Exercise aim –
Your answer must be the exact lines below, starting with the line with "Men's Fit Gradient" and going on through the line with "I samme scenarie", both included, with no pictures.

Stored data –
# # # # #

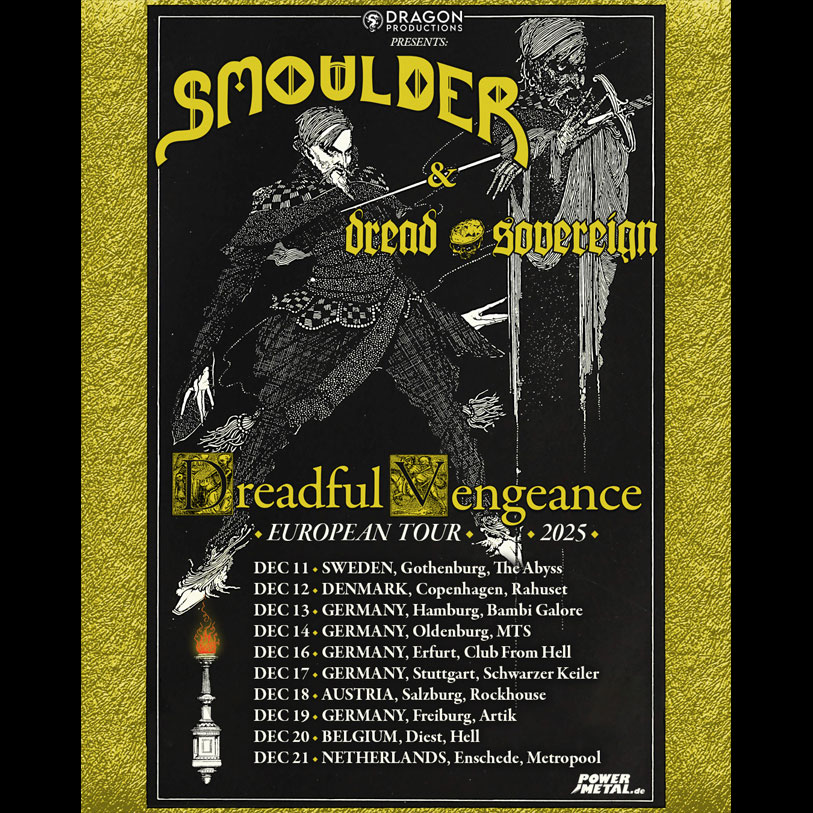 Zum Jahresende gibt’s nochmal die Möglichkeit, SMOULDER live zu sehen. Die Dreadful Vengeance European Tour 2025 startet am 11. Dezember 2025.
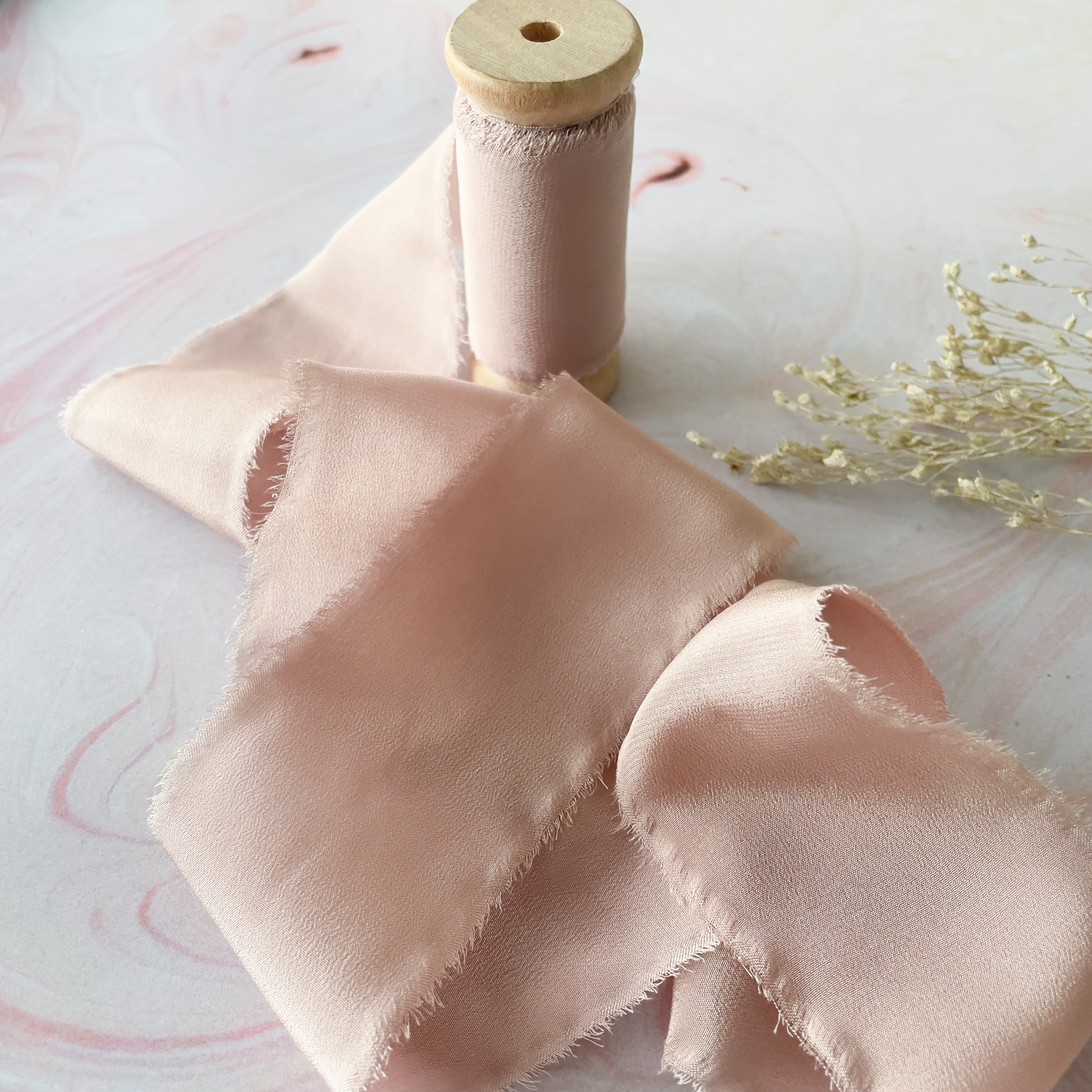 Wunderschönes nudefarbenes Seidenband mit offenem Rand. Perfekt präsentiert auf einer Holzspule. Hergestellt aus 100% Habotai-Seide. Eine hochwertige Seide mit einer offenen Kantenoberfläche. Perfekt, um Ihren Designs Textur und Stil zu verleihen.
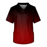 Men's Fit Gradient Color Scrub Tops Plus Size V-Neck Short Sleeve Funny Medical Workwear with 3 Pocket S-5XL
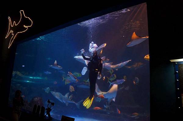我們先到探險島水族館看木洋池餵食秀
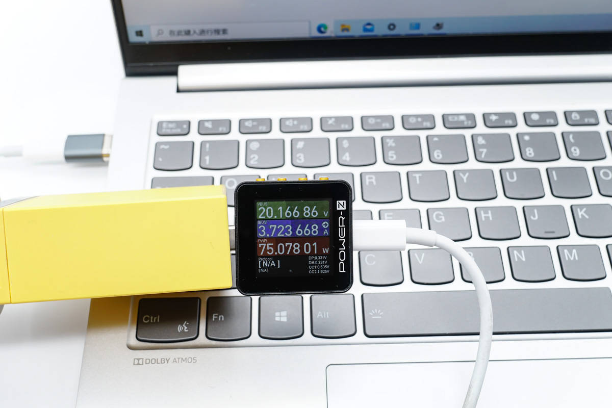 I samme scenarie oplades Lenovo Xiaoxin Pro 14 2021 med en effekt på 20,16V 3,72A 75,07W.
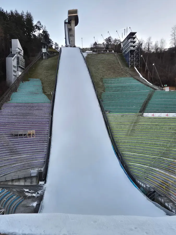 Wie ooit in Innsbruck is geweest of over de Brenner Autobahn bij Innsbruck is gereden, heeft hem gezien: de springschans op de Bergisel. De betonnen liftschacht op de berg en de schans die als een soort metalen ‘swoosh’ overgaat in het restaurant Bergisel Sky op de top vormen een niet te missen silhouet aan de zuidkant van de stad. Ook ’s avonds is de schans zichtbaar: de metalen bekleding is verlicht, en elke tien minuten wisselt de kleur. Er kunnen ook afbeeldingen en vlaggen op worden geprojecteerd.
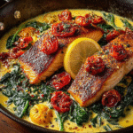 Salmon is often celebrated for its rich flavor and health benefits, making it a favorite among home cooks. This dish, Creamy Tuscan Marry Salmon, elevates the fish with a sumptuous sauce that captures the essence of Italian cuisine. It seamlessly combines creamy, garlicky elements with vibrant greens and sun-dried tomatoes, creating a culinary experience that feels both comforting and indulgent.
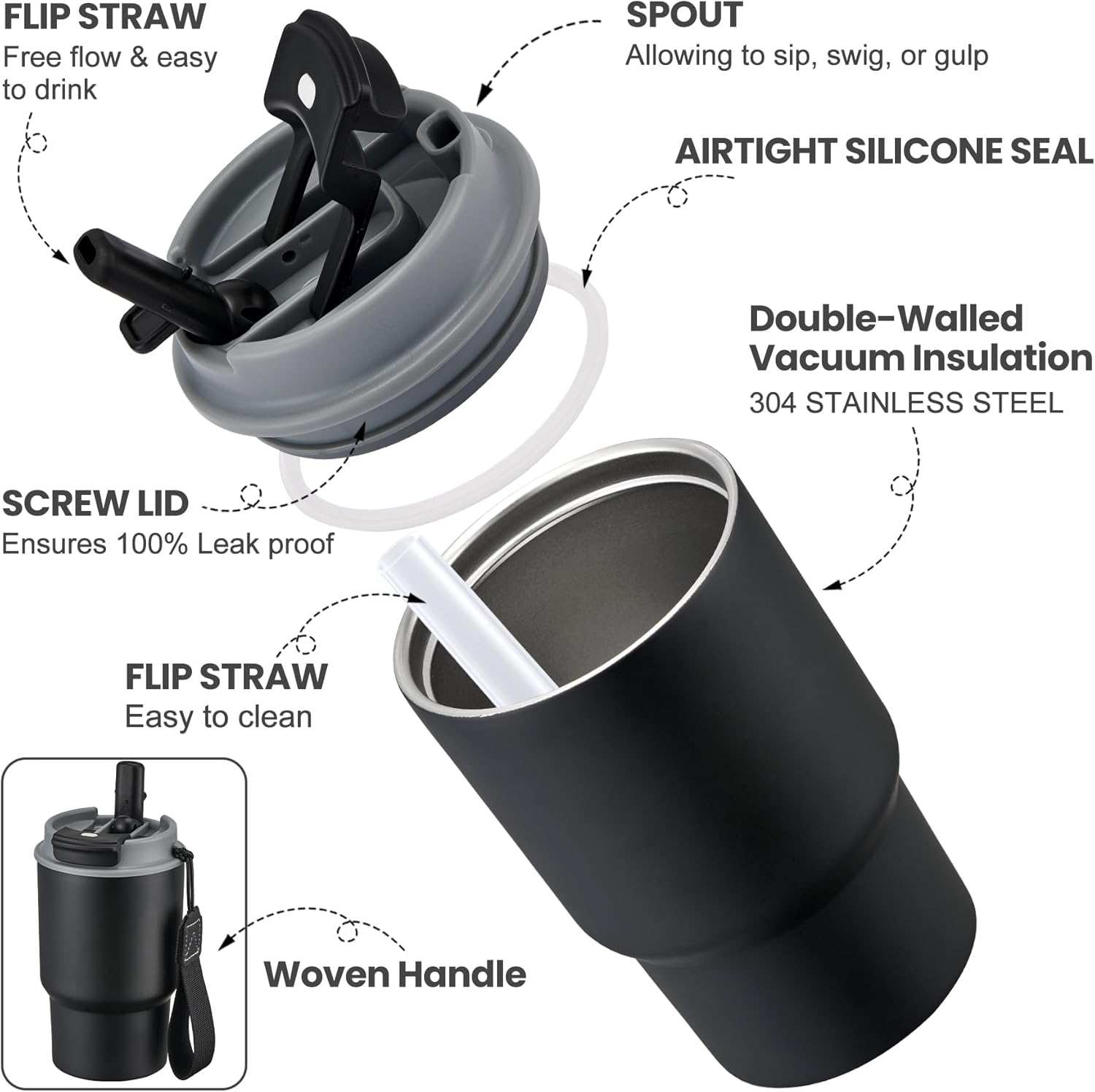 14oz Dual Drinking Spout Kids Insulated Water Bottle: This toddler water bottle is double vacuum insulated to keep drinks warm for up to 8 hours. The sealing technology in the lid ensures that each insulated water bottle is 100% leak and spill proof. Sweat-proof kids' water bottles come with a braided rope carry handle to take kids' drinks on the go and keep them hydrated. The dual spout and straw design makes it easy for kids to drink in different scenarios.
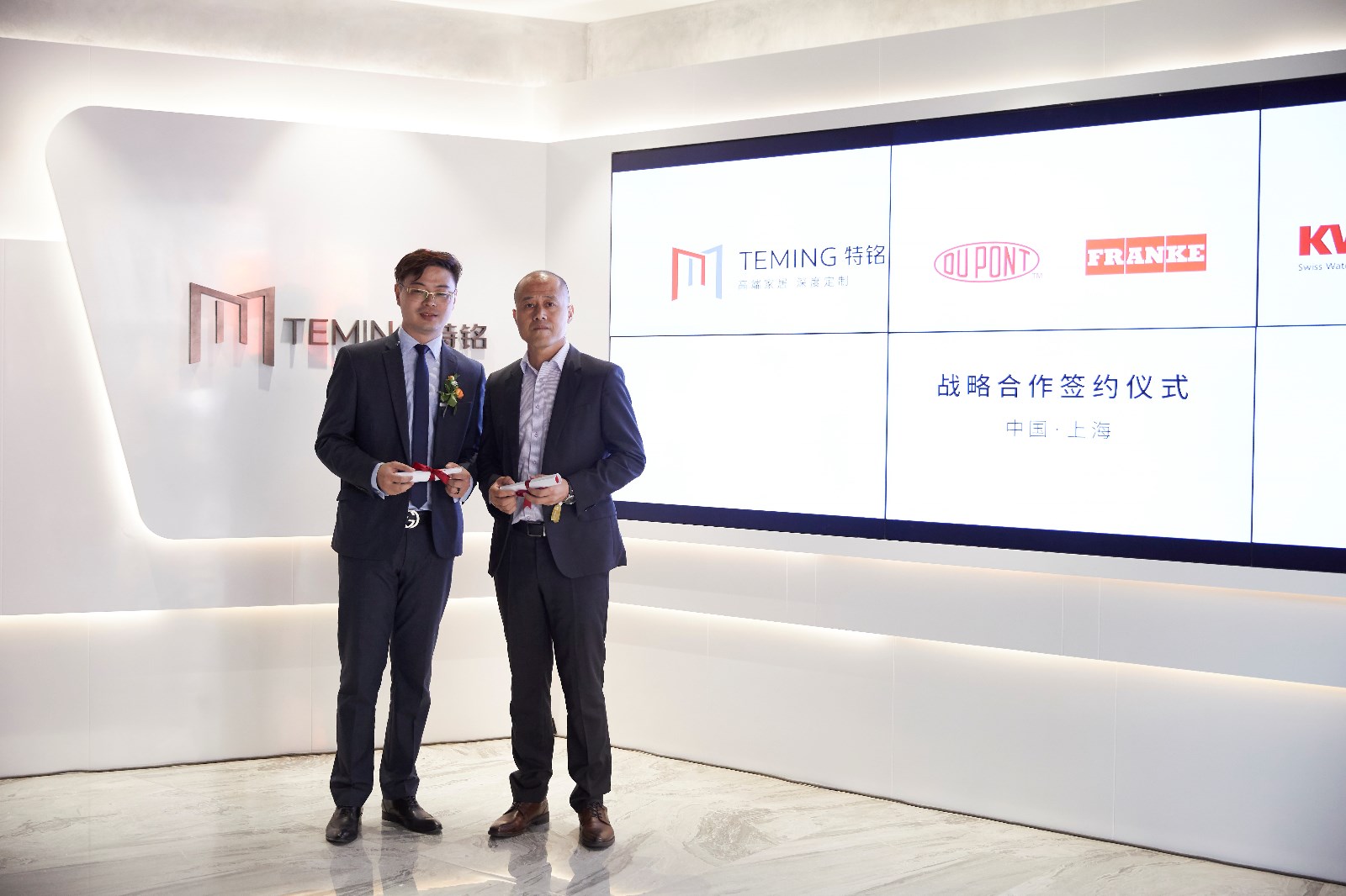 與美國杜邦Corian、KWC、Franke的品牌代表方舉行簽約儀式
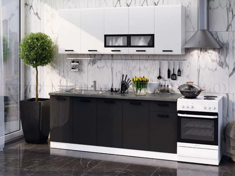 Кухня Рио 2,0м (Белый глянец холодный/Графит глянец (Кастилло))

# # # # #

Completed exercise –
 Men's Fit Gradient Color Scrub Tops Plus Size V-Neck Short Sleeve Funny Medical Workwear with 3 Pocket S-5XL
我們先到探險島水族館看木洋池餵食秀
 I samme scenarie oplades Lenovo Xiaoxin Pro 14 2021 med en effekt på 20,16V 3,72A 75,07W.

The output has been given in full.